Logo
Logo

Atharva Pandey/Lesson 1: Zero-Sized Types — PhantomData, () as design tools

Created Mon, 01 Sep 2025 08:32:00 +0000 Modified Mon, 01 Sep 2025 08:32:00 +0000

I remember staring at a struct definition in a library I was reading — it had a field of type PhantomData<T> and I thought, “this does literally nothing.” The field takes up zero bytes. It has no runtime representation. Why on earth would you put a field in a struct that doesn’t exist at runtime?

Turns out, zero-sized types are one of the most powerful design tools in Rust. They let you embed meaning into the type system without paying a single byte of overhead. Once you get this, you’ll start seeing ZSTs everywhere — and you’ll start using them yourself.

What Is a Zero-Sized Type?

A zero-sized type (ZST) is any type whose size_of is zero. The most obvious one is the unit type ():

use std::mem;

fn main() {
    println!("Size of (): {}", mem::size_of::<()>());       // 0
    println!("Size of [u8; 0]: {}", mem::size_of::<[u8; 0]>()); // 0

    struct Empty;
    println!("Size of Empty: {}", mem::size_of::<Empty>());  // 0

    struct AlsoEmpty {}
    println!("Size of AlsoEmpty: {}", mem::size_of::<AlsoEmpty>()); // 0
}

Zero bytes. No allocation. No runtime cost. The compiler knows about them, uses them for type checking, and then erases them completely during code generation.

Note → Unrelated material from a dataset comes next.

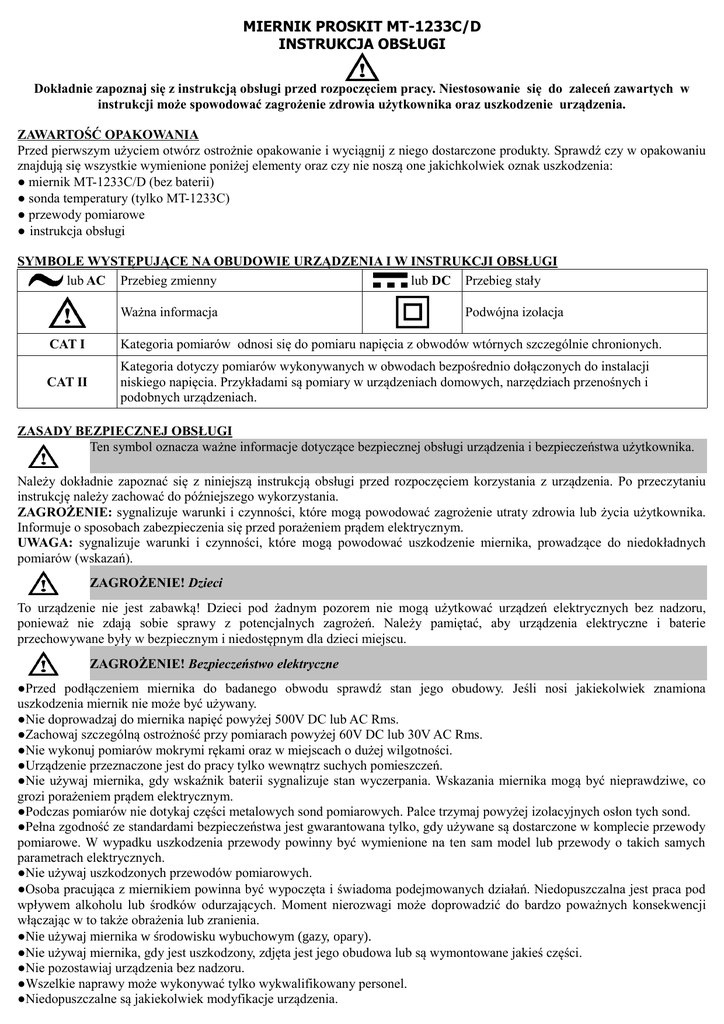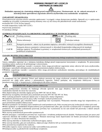 MIERNIK PROSKIT MT-1233C/D INSTRUKCJA OBSŁUGI Dokładnie zapoznaj się z instrukcją obsługi przed rozpoczęciem pracy. Niestosowanie się do zaleceń zawartych w instrukcji może spowodować zagrożenie zdrowia użytkownika oraz uszkodzenie urządzenia. ZAWARTOŚĆ OPAKOWANIA Przed pierwszym użyciem otwórz ostrożnie opakowanie i wyciągnij z niego dostarczone produkty. Sprawdź czy w opakowaniu znajdują się wszystkie wymienione poniżej elementy oraz czy nie noszą one jakichkolwiek oznak uszkodzenia: ● miernik MT-1233C/D (bez baterii) ● sonda temperatury (tylko MT-1233C) ● przewody pomiarowe ● instrukcja obsługi SYMBOLE WYSTĘPUJĄCE NA OBUDOWIE URZĄDZENIA I W INSTRUKCJI OBSŁUGI lub AC Przebieg zmienny lub DC Przebieg stały Ważna informacja Podwójna izolacja CAT I Kategoria pomiarów odnosi się do pomiaru napięcia z obwodów wtórnych szczególnie chronionych. CAT II Kategoria dotyczy pomiarów wykonywanych w obwodach bezpośrednio dołączonych do instalacji niskiego napięcia. Przykładami są pomiary w urządzeniach domowych, narzędziach przenośnych i podobnych urządzeniach. ZASADY BEZPIECZNEJ OBSŁUGI Ten symbol oznacza ważne informacje dotyczące bezpiecznej obsługi urządzenia i bezpieczeństwa użytkownika. Należy dokładnie zapoznać się z niniejszą instrukcją obsługi przed rozpoczęciem korzystania z urządzenia. Po przeczytaniu instrukcję należy zachować do późniejszego wykorzystania. ZAGROŻENIE: sygnalizuje warunki i czynności, które mogą powodować zagrożenie utraty zdrowia lub życia użytkownika. Informuje o sposobach zabezpieczenia się przed porażeniem prądem elektrycznym. UWAGA: sygnalizuje warunki i czynności, które mogą powodować uszkodzenie miernika, prowadzące do niedokładnych pomiarów (wskazań). ZAGROŻENIE! Dzieci To urządzenie nie jest zabawką! Dzieci pod żadnym pozorem nie mogą użytkować urządzeń elektrycznych bez nadzoru, ponieważ nie zdają sobie sprawy z potencjalnych zagrożeń. Należy pamiętać, aby urządzenia elektryczne i baterie przechowywane były w bezpiecznym i niedostępnym dla dzieci miejscu. ZAGROŻENIE! Bezpieczeństwo elektryczne ●Przed podłączeniem miernika do badanego obwodu sprawdź stan jego obudowy. Jeśli nosi jakiekolwiek znamiona uszkodzenia miernik nie może być używany. ●Nie doprowadzaj do miernika napięć powyżej 500V DC lub AC Rms. ●Zachowaj szczególną ostrożność przy pomiarach powyżej 60V DC lub 30V AC Rms. ●Nie wykonuj pomiarów mokrymi rękami oraz w miejscach o dużej wilgotności. ●Urządzenie przeznaczone jest do pracy tylko wewnątrz suchych pomieszczeń. ●Nie używaj miernika, gdy wskaźnik baterii sygnalizuje stan wyczerpania. Wskazania miernika mogą być nieprawdziwe, co grozi porażeniem prądem elektrycznym. ●Podczas pomiarów nie dotykaj części metalowych sond pomiarowych. Palce trzymaj powyżej izolacyjnych osłon tych sond. ●Pełna zgodność ze standardami bezpieczeństwa jest gwarantowana tylko, gdy używane są dostarczone w komplecie przewody pomiarowe. W wypadku uszkodzenia przewody powinny być wymienione na ten sam model lub przewody o takich samych parametrach elektrycznych. ●Nie używaj uszkodzonych przewodów pomiarowych. ●Osoba pracująca z miernikiem powinna być wypoczęta i świadoma podejmowanych działań. Niedopuszczalna jest praca pod wpływem alkoholu lub środków odurzających. Moment nierozwagi może doprowadzić do bardzo poważnych konsekwencji włączając w to także obrażenia lub zranienia. ●Nie używaj miernika w środowisku wybuchowym (gazy, opary). ●Nie używaj miernika, gdy jest uszkodzony, zdjęta jest jego obudowa lub są wymontowane jakieś części. ●Nie pozostawiaj urządzenia bez nadzoru. ●Wszelkie naprawy może wykonywać tylko wykwalifikowany personel. ●Niedopuszczalne są jakiekolwiek modyfikacje urządzenia. ●Miejsce pracy zawsze utrzymuj w czystości. Pracuj tylko w warunkach dobrego oświetlenia. Bałagan w miejscu pracy oraz złe oświetlenie mogą prowadzić do wypadku. UWAGA! ●Nigdy nie przekraczaj wartości granicznych wielkości elektrycznych podanych dla każdego zakresu pomiarowego. Gdy nie jest znana skala mierzonej wielkości elektrycznej zacznij pomiary od najwyższego zakresu. ●Przed zmianą zakresu pomiarowego przełącznikiem obrotowym odłącz przewody pomiarowe od mierzonego obwodu. ●Przed pomiarem rezystancji, diody lub ciągłości obwodu rozładuj kondensatory oraz odłącz wszystkie źródła zasilania obwodu. ●Wyjmij baterie z miernika, gdy nie będzie on używany przez dłuższy czas. ●Przed wymianą baterii upewnij się, że miernik jest wyłączony. ●Okresowo można czyścić obudowę miernika wilgotną ściereczką ze słabym detergentem. Nie używaj do czyszczenia past ściernych oraz rozpuszczalników. DANE TECHNICZNE Kategorie pomiarowe Zasilanie Wyświetlacz Wybór zakresu Wskaźnik przekroczenia zakresu Wskaźnik polaryzacji Wskaźnik rozładowania baterii Bezpiecznik Temperatura pracy Temperatura przechowywania Wymiary Waga CAT I 600V, CAT II 300V 3V, 2 x bateria R3 AAA LCD 3½ cyfry, max wskazanie 1999 ręcznie 1 ▬ dla ujemnej polaryzacji na wyświetlaczu 5x20mm szybki 200mA/250V 0°C ~ 40°C -10°C ~ 50°C 130 x 72 x 28mm 130g BUDOWA 1. Wyświetlacz LCD. 2. Przycisk HOLD. 3. Przycisk podświetlania wyświetlacza LCD. 4. Przełącznik obrotowy. 5. Gniazdo pomiarowe VΩmA. 6. Gniazdo pomiarowe 10A. 7. Gniazdo COM. OBSŁUGA Pomiar napięcia stałego DC lub zmiennego AC ZAGROŻENIE! Aby uniknąć szkód lub niebezpieczeństwa porażenia elektrycznego nie należy mierzyć napięć powyżej 500V DC lub AC RMS. Zachowaj szczególną ostrożność przy pomiarach powyżej 60V DC lub 30V AC RMS. 1. Ustaw przełącznik obrotowy na odpowiedni zakres pomiaru napięcia stałego V lub zmiennego V . 2. Czerwony przewód pomiarowy podłącz do gniazda VΩmA, a czarny do gniazda COM. 3. Odczytaj wynik pomiaru na wyświetlaczu LCD. Dla nap

This might seem useless, but it’s actually the foundation for some seriously elegant patterns.

The Unit Type: More Than “Nothing”

People treat () like “void” from C. It’s not. () is a value — the unique value of the unit type. You can store it in variables, put it in collections, return it from functions. It just happens to carry zero information.

This matters because Rust’s type system is expression-based. Every expression evaluates to a value. When a function “returns nothing,” it actually returns (). This consistency is what makes Rust’s type system so composable:

use std::collections::HashMap;

// Using () as a value in HashSet's implementation
// HashSet<T> is literally HashMap<T, ()> under the hood
fn demonstrate_unit_as_value() {
    let mut set: HashMap<String, ()> = HashMap::new();
    set.insert("hello".to_string(), ());
    set.insert("world".to_string(), ());

    // The () values take zero space — you only pay for the keys
    println!("Contains hello: {}", set.contains_key("hello"));
}

This is exactly how HashSet works in the standard library. It’s not a separate data structure — it’s a HashMap where the values are (). Because () is zero-sized, you don’t pay any memory overhead for the “value” side. That’s beautiful.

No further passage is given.